PROBLEM DETAILS:
Return all of the following entries as written, but without the images.

RECORDS TO PROCESS:

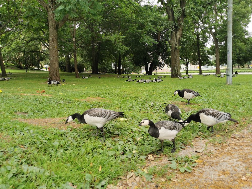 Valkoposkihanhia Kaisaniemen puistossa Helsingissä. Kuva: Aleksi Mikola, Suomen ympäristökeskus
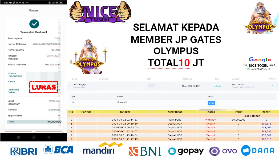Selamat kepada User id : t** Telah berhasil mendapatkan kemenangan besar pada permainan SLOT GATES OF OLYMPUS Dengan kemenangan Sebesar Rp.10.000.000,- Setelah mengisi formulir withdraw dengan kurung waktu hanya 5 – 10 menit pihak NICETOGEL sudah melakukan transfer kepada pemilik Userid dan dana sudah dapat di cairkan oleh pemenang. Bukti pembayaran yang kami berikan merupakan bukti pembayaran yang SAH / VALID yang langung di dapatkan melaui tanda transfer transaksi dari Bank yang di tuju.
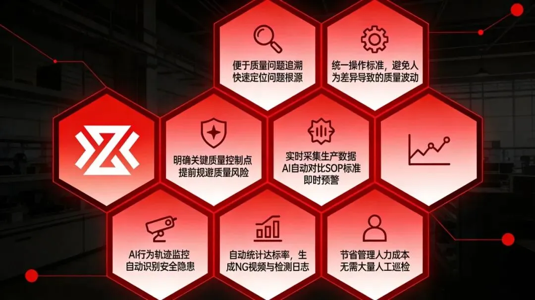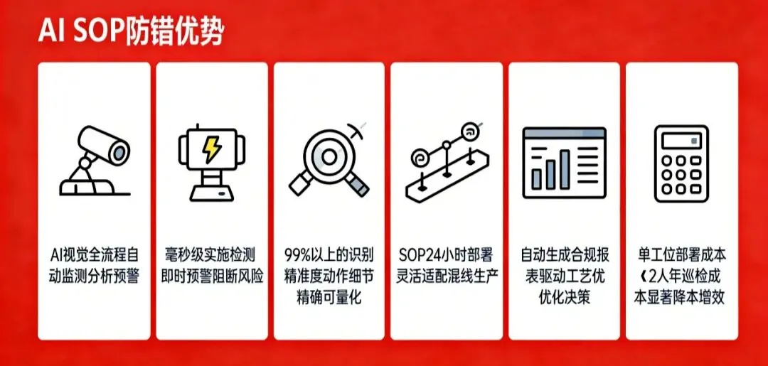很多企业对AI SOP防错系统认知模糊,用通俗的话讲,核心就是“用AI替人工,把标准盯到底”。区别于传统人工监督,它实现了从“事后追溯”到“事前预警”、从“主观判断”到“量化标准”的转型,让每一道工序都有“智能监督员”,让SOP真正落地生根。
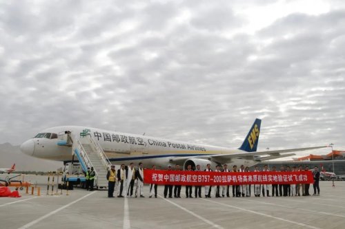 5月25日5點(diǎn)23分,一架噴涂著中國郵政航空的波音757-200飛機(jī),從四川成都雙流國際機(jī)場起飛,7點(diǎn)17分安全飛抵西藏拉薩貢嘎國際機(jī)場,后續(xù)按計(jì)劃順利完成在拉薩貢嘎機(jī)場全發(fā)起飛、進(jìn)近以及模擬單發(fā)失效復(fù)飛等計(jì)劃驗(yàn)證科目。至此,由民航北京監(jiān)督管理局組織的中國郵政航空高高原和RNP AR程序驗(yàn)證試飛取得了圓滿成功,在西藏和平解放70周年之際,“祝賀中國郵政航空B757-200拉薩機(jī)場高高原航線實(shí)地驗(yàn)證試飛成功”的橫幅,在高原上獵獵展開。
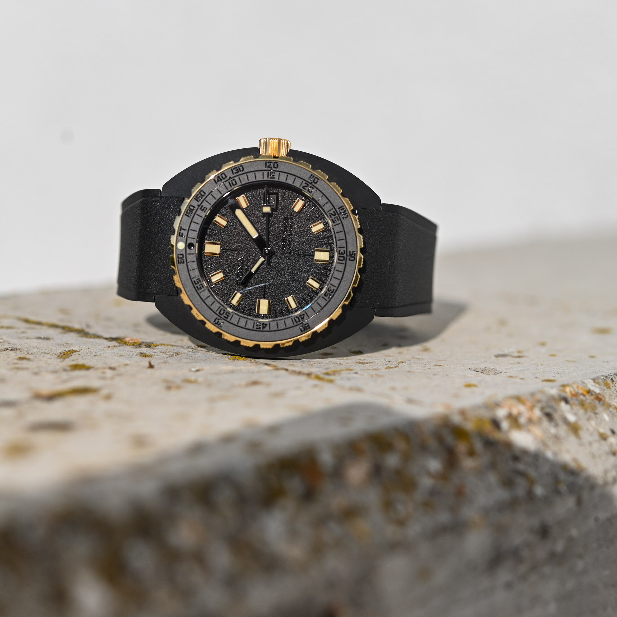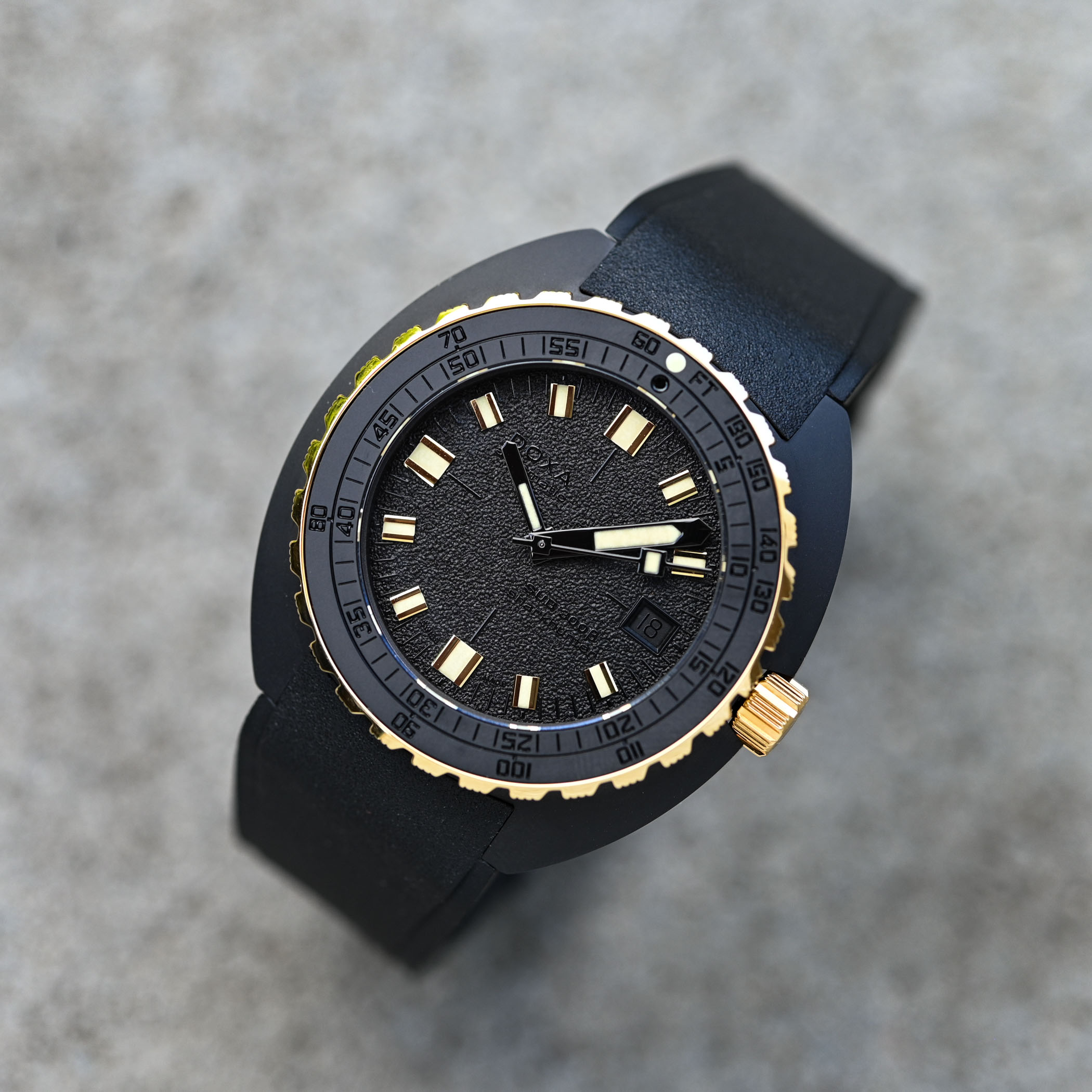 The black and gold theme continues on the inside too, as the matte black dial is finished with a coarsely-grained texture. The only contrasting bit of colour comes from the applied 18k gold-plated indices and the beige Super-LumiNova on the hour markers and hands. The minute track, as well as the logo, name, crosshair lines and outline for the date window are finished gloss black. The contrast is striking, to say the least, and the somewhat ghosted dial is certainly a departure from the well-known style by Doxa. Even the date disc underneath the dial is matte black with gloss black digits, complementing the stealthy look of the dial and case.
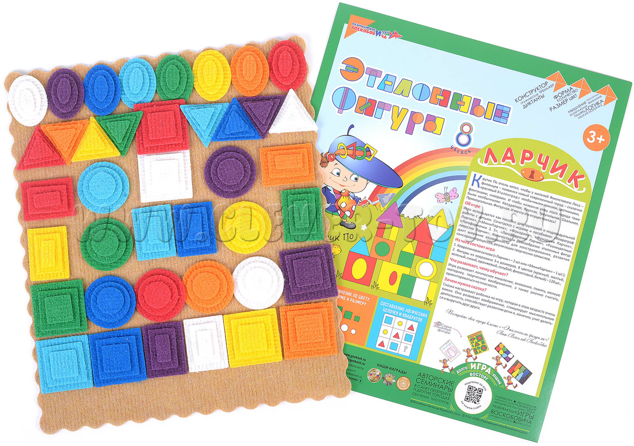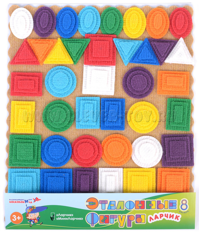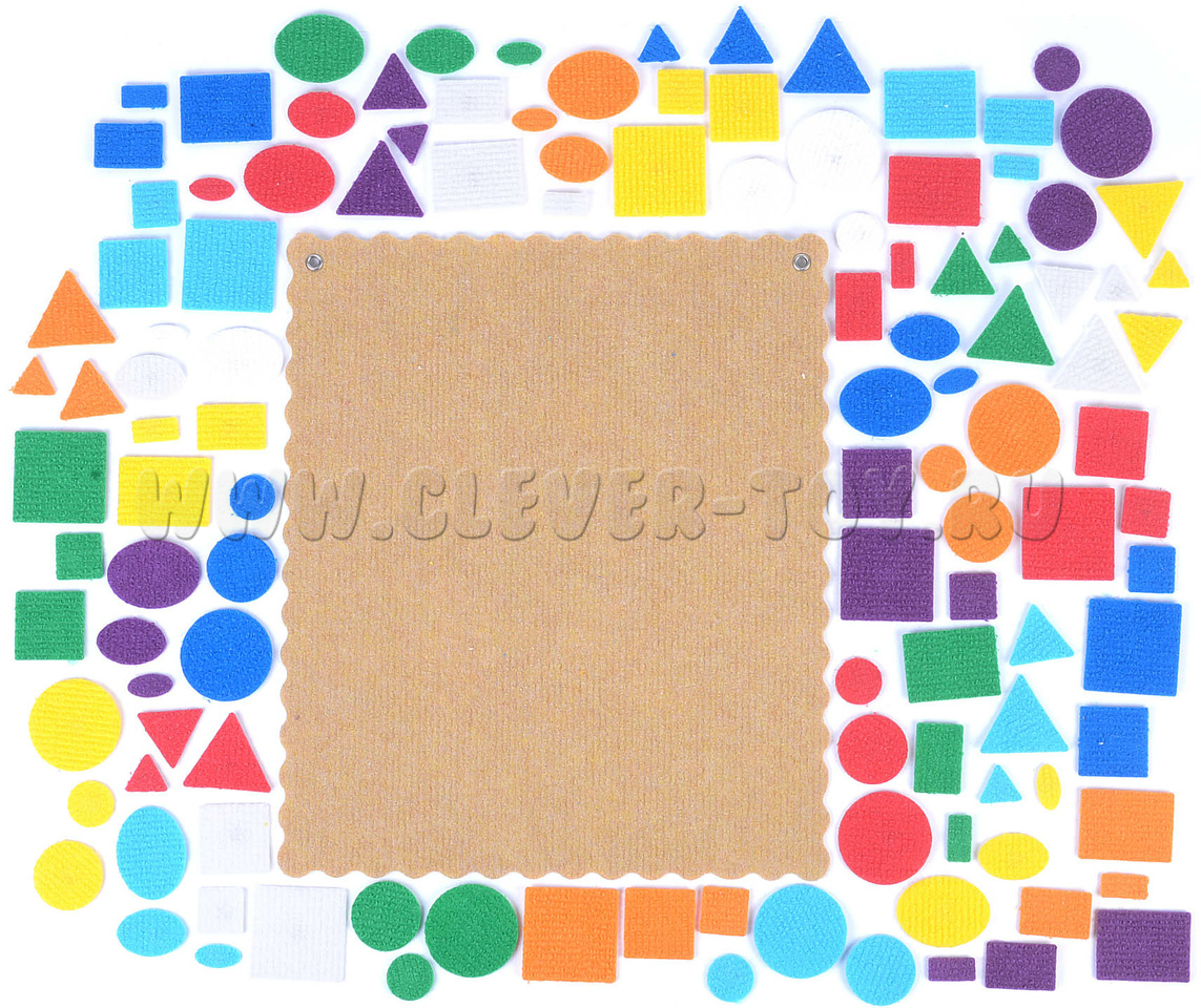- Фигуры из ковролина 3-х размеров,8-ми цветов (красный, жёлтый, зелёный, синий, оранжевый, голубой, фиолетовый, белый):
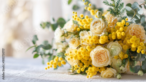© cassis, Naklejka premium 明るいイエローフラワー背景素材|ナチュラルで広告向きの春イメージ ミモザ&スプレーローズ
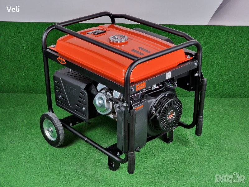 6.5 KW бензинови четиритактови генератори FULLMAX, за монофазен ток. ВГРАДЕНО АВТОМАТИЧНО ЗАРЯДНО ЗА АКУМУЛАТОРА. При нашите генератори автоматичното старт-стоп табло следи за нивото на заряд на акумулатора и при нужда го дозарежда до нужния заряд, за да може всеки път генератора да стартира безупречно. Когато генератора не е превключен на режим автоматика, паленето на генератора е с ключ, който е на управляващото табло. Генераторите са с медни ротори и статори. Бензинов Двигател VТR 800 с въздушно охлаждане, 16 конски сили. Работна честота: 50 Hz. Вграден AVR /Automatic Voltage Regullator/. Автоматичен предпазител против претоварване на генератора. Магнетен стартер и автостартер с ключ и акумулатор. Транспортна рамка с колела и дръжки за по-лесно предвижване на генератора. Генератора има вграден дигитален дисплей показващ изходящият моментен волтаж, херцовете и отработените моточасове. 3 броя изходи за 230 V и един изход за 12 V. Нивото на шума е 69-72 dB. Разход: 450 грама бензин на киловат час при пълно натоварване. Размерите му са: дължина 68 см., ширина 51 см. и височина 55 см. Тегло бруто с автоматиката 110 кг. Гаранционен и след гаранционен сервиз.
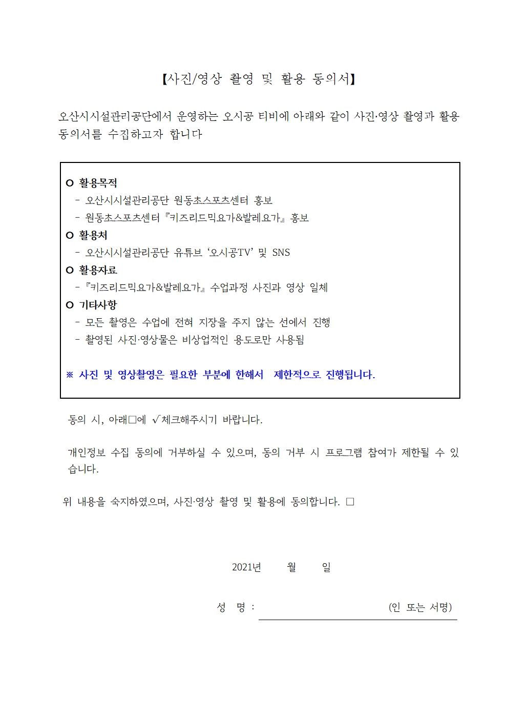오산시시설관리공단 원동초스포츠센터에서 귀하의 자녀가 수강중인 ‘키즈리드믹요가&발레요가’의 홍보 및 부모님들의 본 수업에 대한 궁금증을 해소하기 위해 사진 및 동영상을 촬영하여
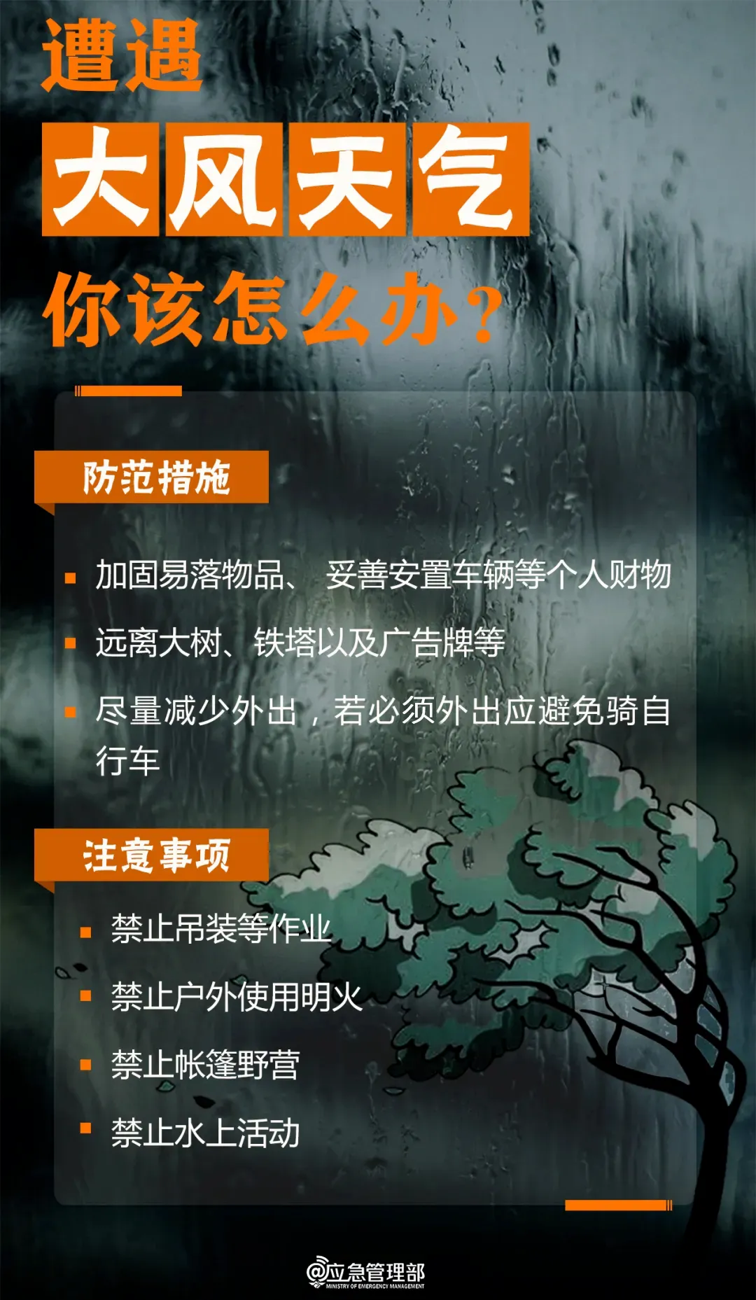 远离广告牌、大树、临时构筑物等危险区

ANSWER BOX:
 Valkoposkihanhia Kaisaniemen puistossa Helsingissä. Kuva: Aleksi Mikola, Suomen ympäristökeskus
Selamat kepada User id : t** Telah berhasil mendapatkan kemenangan besar pada permainan SLOT GATES OF OLYMPUS Dengan kemenangan Sebesar Rp.10.000.000,- Setelah mengisi formulir withdraw dengan kurung waktu hanya 5 – 10 menit pihak NICETOGEL sudah melakukan transfer kepada pemilik Userid dan dana sudah dapat di cairkan oleh pemenang. Bukti pembayaran yang kami berikan merupakan bukti pembayaran yang SAH / VALID yang langung di dapatkan melaui tanda transfer transaksi dari Bank yang di tuju.
很多企业对AI SOP防错系统认知模糊,用通俗的话讲,核心就是“用AI替人工,把标准盯到底”。区别于传统人工监督,它实现了从“事后追溯”到“事前预警”、从“主观判断”到“量化标准”的转型,让每一道工序都有“智能监督员”,让SOP真正落地生根。
 5月25日5點(diǎn)23分,一架噴涂著中國郵政航空的波音757-200飛機(jī),從四川成都雙流國際機(jī)場起飛,7點(diǎn)17分安全飛抵西藏拉薩貢嘎國際機(jī)場,后續(xù)按計(jì)劃順利完成在拉薩貢嘎機(jī)場全發(fā)起飛、進(jìn)近以及模擬單發(fā)失效復(fù)飛等計(jì)劃驗(yàn)證科目。至此,由民航北京監(jiān)督管理局組織的中國郵政航空高高原和RNP AR程序驗(yàn)證試飛取得了圓滿成功,在西藏和平解放70周年之際,“祝賀中國郵政航空B757-200拉薩機(jī)場高高原航線實(shí)地驗(yàn)證試飛成功”的橫幅,在高原上獵獵展開。
 The black and gold theme continues on the inside too, as the matte black dial is finished with a coarsely-grained texture. The only contrasting bit of colour comes from the applied 18k gold-plated indices and the beige Super-LumiNova on the hour markers and hands. The minute track, as well as the logo, name, crosshair lines and outline for the date window are finished gloss black. The contrast is striking, to say the least, and the somewhat ghosted dial is certainly a departure from the well-known style by Doxa. Even the date disc underneath the dial is matte black with gloss black digits, complementing the stealthy look of the dial and case.
- Фигуры из ковролина 3-х размеров,8-ми цветов (красный, жёлтый, зелёный, синий, оранжевый, голубой, фиолетовый, белый):
© cassis, Naklejka premium 明るいイエローフラワー背景素材|ナチュラルで広告向きの春イメージ ミモザ&スプレーローズ
 6.5 KW бензинови четиритактови генератори FULLMAX, за монофазен ток. ВГРАДЕНО АВТОМАТИЧНО ЗАРЯДНО ЗА АКУМУЛАТОРА. При нашите генератори автоматичното старт-стоп табло следи за нивото на заряд на акумулатора и при нужда го дозарежда до нужния заряд, за да може всеки път генератора да стартира безупречно. Когато генератора не е превключен на режим автоматика, паленето на генератора е с ключ, който е на управляващото табло. Генераторите са с медни ротори и статори. Бензинов Двигател VТR 800 с въздушно охлаждане, 16 конски сили. Работна честота: 50 Hz. Вграден AVR /Automatic Voltage Regullator/. Автоматичен предпазител против претоварване на генератора. Магнетен стартер и автостартер с ключ и акумулатор. Транспортна рамка с колела и дръжки за по-лесно предвижване на генератора. Генератора има вграден дигитален дисплей показващ изходящият моментен волтаж, херцовете и отработените моточасове. 3 броя изходи за 230 V и един изход за 12 V. Нивото на шума е 69-72 dB. Разход: 450 грама бензин на киловат час при пълно натоварване. Размерите му са: дължина 68 см., ширина 51 см. и височина 55 см. Тегло бруто с автоматиката 110 кг. Гаранционен и след гаранционен сервиз.
오산시시설관리공단 원동초스포츠센터에서 귀하의 자녀가 수강중인 ‘키즈리드믹요가&발레요가’의 홍보 및 부모님들의 본 수업에 대한 궁금증을 해소하기 위해 사진 및 동영상을 촬영하여
 远离广告牌、大树、临时构筑物等危险区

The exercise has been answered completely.